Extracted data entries
BEGIN

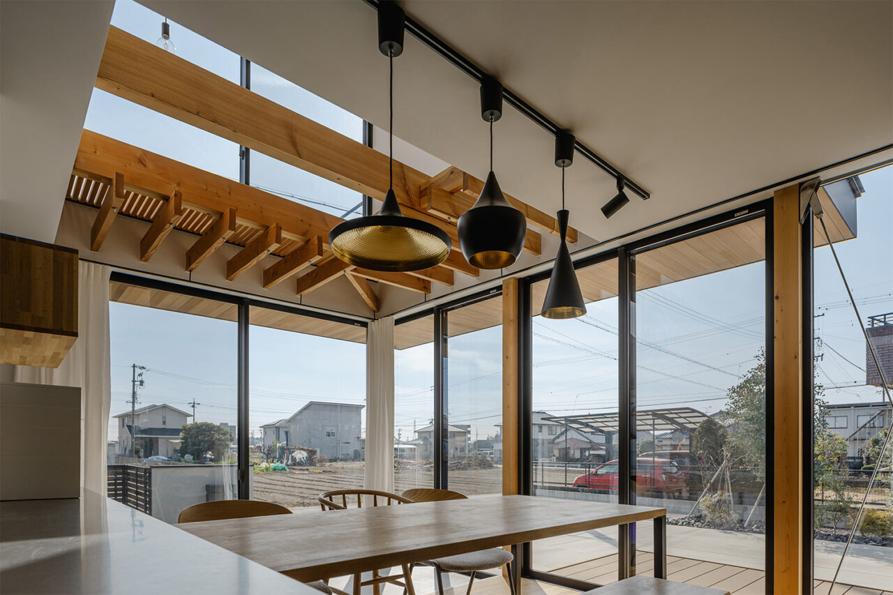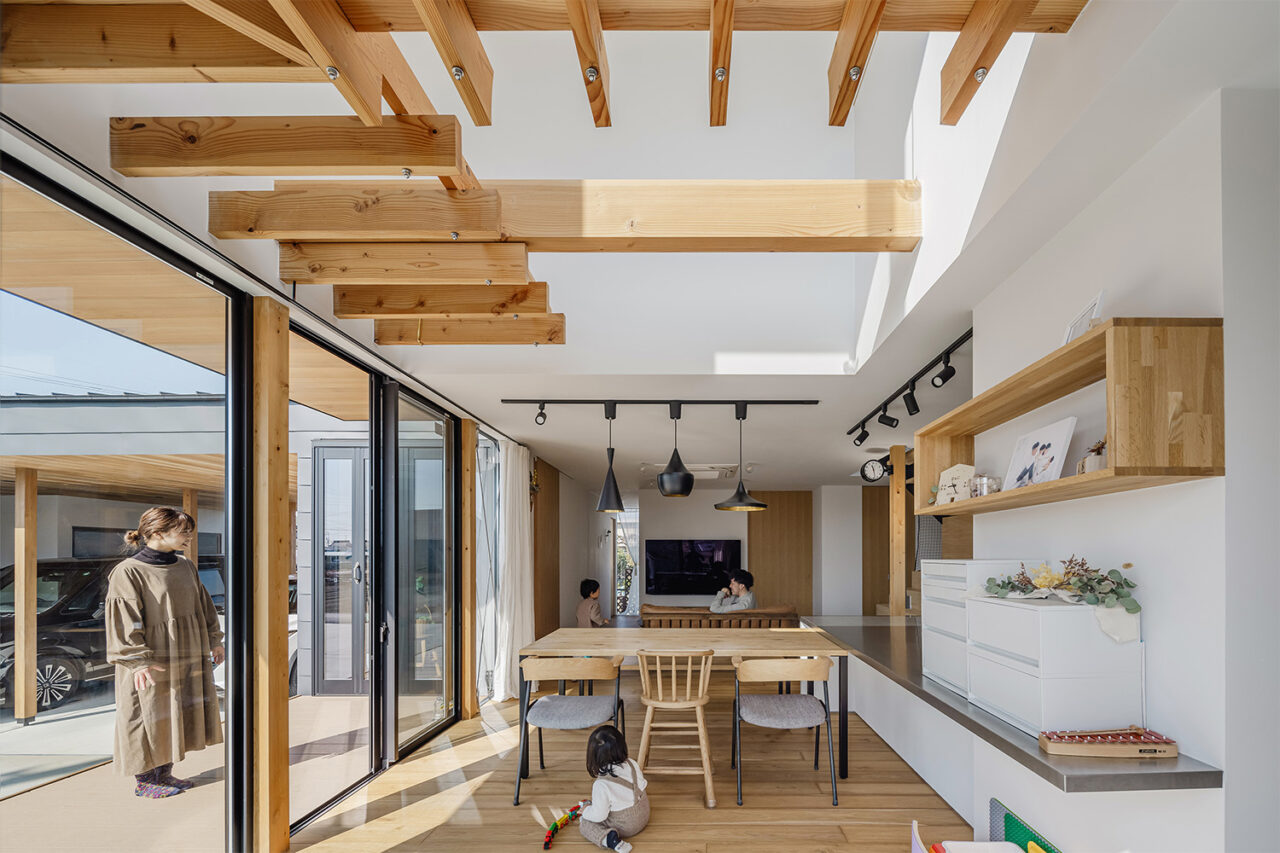 土間と吹き抜け、大開口によって庭と空を引き込み、庇の木構造をあらわしにすることで、構成そのものが遊び場のような表情を生んでいる。
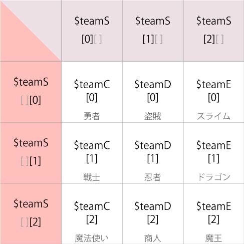 $teamS[0][0] = "狙撃手"; // $teamCの値が勇者→狙撃手に変更された
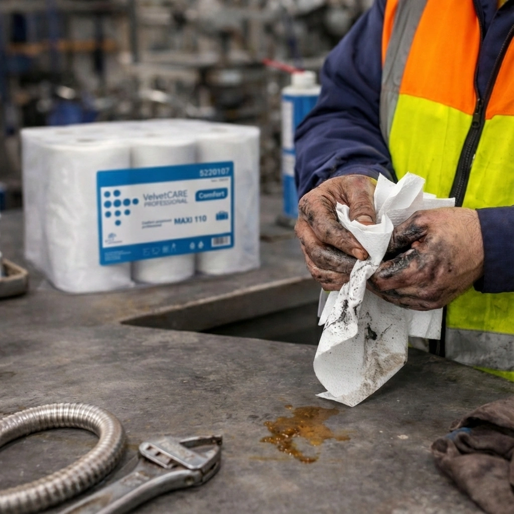 Prosoape de hârtie în rulou Velvet Care, 100% celuloză, Maxi spirale, 2 straturi, 110 m, perforații 19,2×23 cm (6 role) Prosoapele în rulou Velvet Care Maxi spirale, din 100% celuloză, sunt create pentru utilizare intensivă în bucătării profesionale, ateliere, laboratoare sau depozite. Cele 2 straturi asigură absorbție rapidă a lichidelor, uleiului și murdăriei ușoare. Rola de 110 m, cu perforații de 19,2×23 cm, permite doze egale și controlul consumului. Setul de 6 role este ideal pentru contracte HoReCa sau companii de curățenie. Celuloza pură oferă rezistență bună la frecare, fără a lăsa scame excesive pe suprafețe.
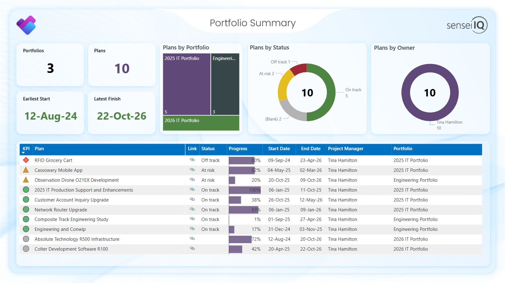 The Portfolio Summary page shows all the portfolios you have created and the plans within them. The statuses here represent what you have manually set for the plan within the portfolio.
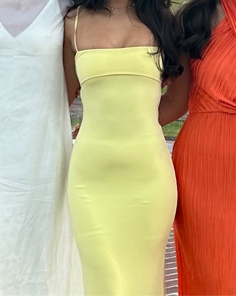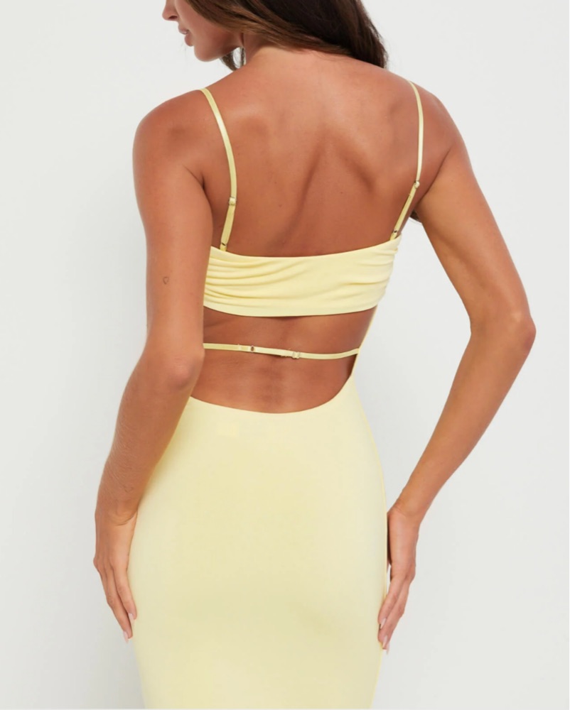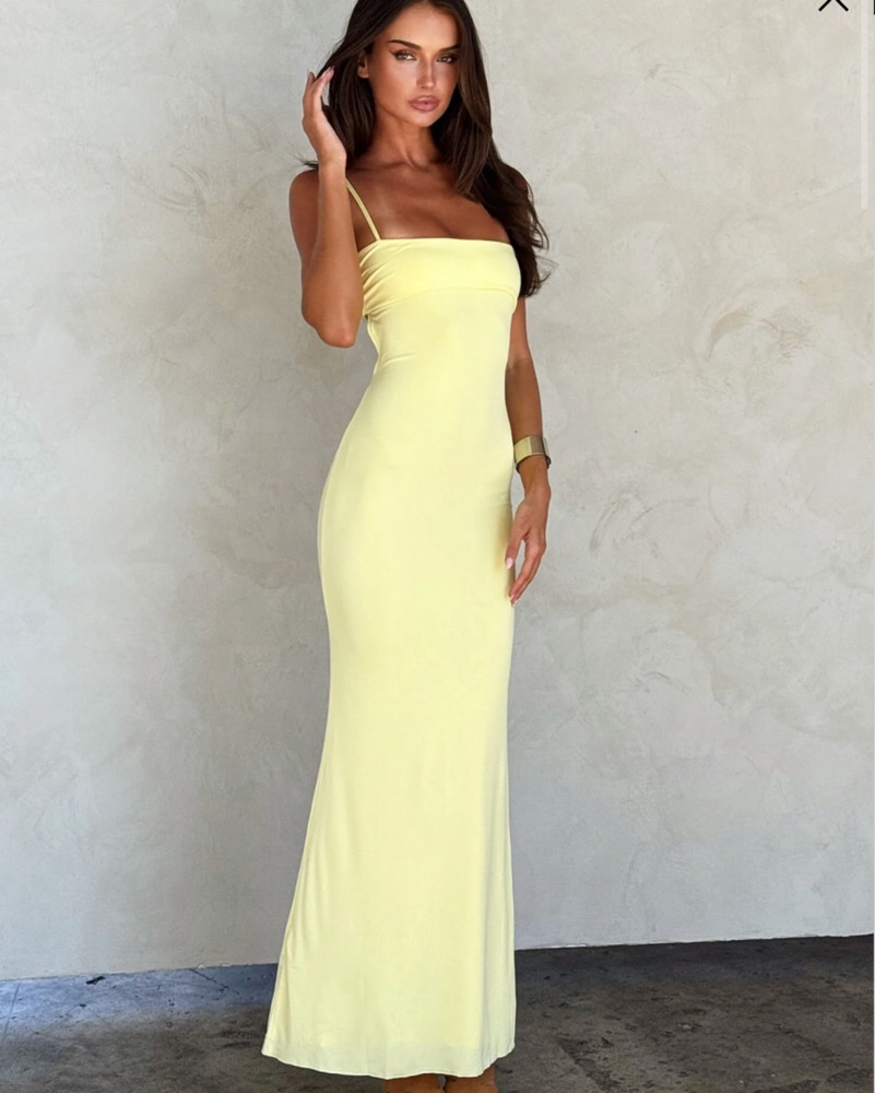 Showstopper! Pastel yellow bandeau style maxi dress. Straight cut neckline with thin adjustable shoulder straps. Gathered panel at front and back bust. Keyhole opening at back with adjustable strap for ease of fit. Fully Lined - not sheer. Can be worn with strapless bra or braless.
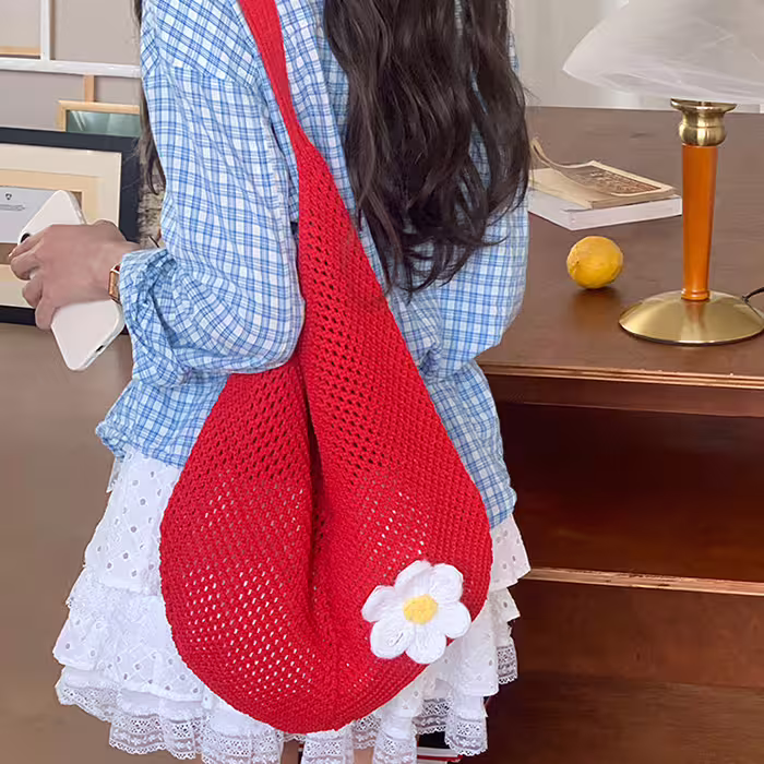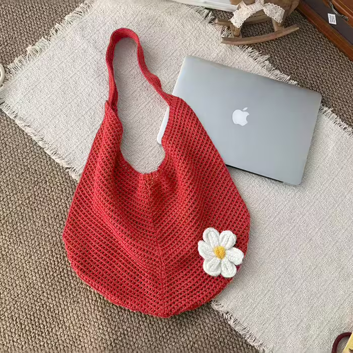 慵懶小花針織×肩背包×紅色-第1張
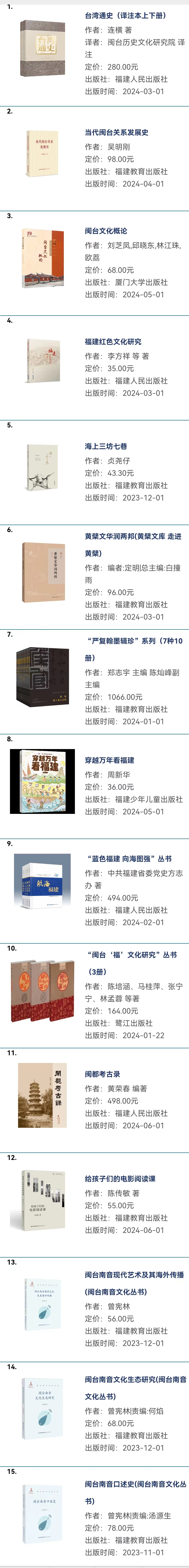 本次活動持續到7月底,百道網特推出閩版好書專題書單。排序110以前的,是今年1-6月的閩版好書、2022-2023年度閩版好書以及海峽出版發行集團評出的2023年度好書(后兩者入選圖書有重合)。以下依次為福建人民出版社、福建教育出版社、福建少年兒童出版社、福建科學技術出版社、福建美術出版社、海峽書局、海峽文藝出版社、鷺江出版社近年的較有影響力圖書。本書單也包含2024福建暑假讀一本書活動推薦圖書。
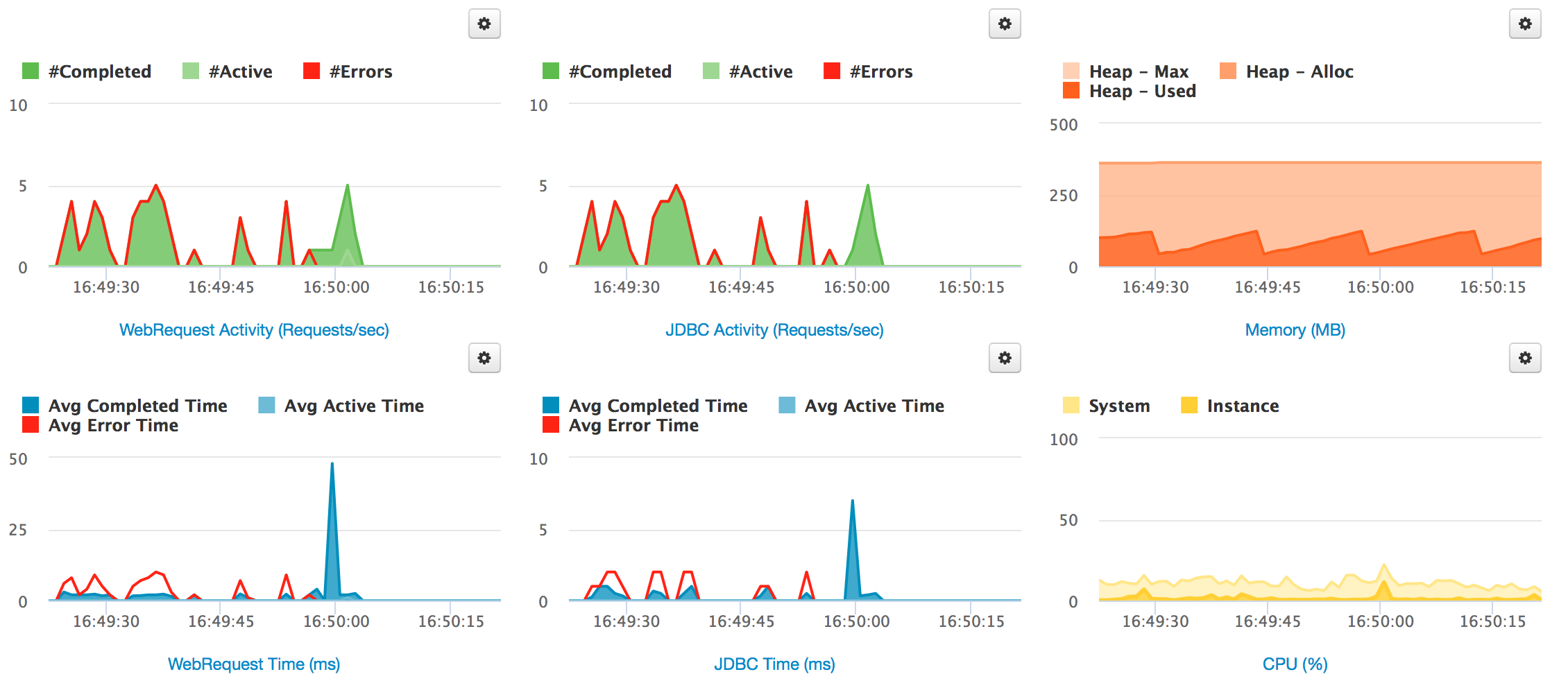 The number of JDBC requests completed and active requests at a given time. Track number of errors.

END

ASSIGNED TASK:
If pictures appear in the data, do not print them; repeat the rest exactly.

EXERCISE ANSWER:
 土間と吹き抜け、大開口によって庭と空を引き込み、庇の木構造をあらわしにすることで、構成そのものが遊び場のような表情を生んでいる。
 $teamS[0][0] = "狙撃手"; // $teamCの値が勇者→狙撃手に変更された
 Prosoape de hârtie în rulou Velvet Care, 100% celuloză, Maxi spirale, 2 straturi, 110 m, perforații 19,2×23 cm (6 role) Prosoapele în rulou Velvet Care Maxi spirale, din 100% celuloză, sunt create pentru utilizare intensivă în bucătării profesionale, ateliere, laboratoare sau depozite. Cele 2 straturi asigură absorbție rapidă a lichidelor, uleiului și murdăriei ușoare. Rola de 110 m, cu perforații de 19,2×23 cm, permite doze egale și controlul consumului. Setul de 6 role este ideal pentru contracte HoReCa sau companii de curățenie. Celuloza pură oferă rezistență bună la frecare, fără a lăsa scame excesive pe suprafețe.
 The Portfolio Summary page shows all the portfolios you have created and the plans within them. The statuses here represent what you have manually set for the plan within the portfolio.
 Showstopper! Pastel yellow bandeau style maxi dress. Straight cut neckline with thin adjustable shoulder straps. Gathered panel at front and back bust. Keyhole opening at back with adjustable strap for ease of fit. Fully Lined - not sheer. Can be worn with strapless bra or braless.
 慵懶小花針織×肩背包×紅色-第1張
 本次活動持續到7月底,百道網特推出閩版好書專題書單。排序110以前的,是今年1-6月的閩版好書、2022-2023年度閩版好書以及海峽出版發行集團評出的2023年度好書(后兩者入選圖書有重合)。以下依次為福建人民出版社、福建教育出版社、福建少年兒童出版社、福建科學技術出版社、福建美術出版社、海峽書局、海峽文藝出版社、鷺江出版社近年的較有影響力圖書。本書單也包含2024福建暑假讀一本書活動推薦圖書。
 The number of JDBC requests completed and active requests at a given time. Track number of errors.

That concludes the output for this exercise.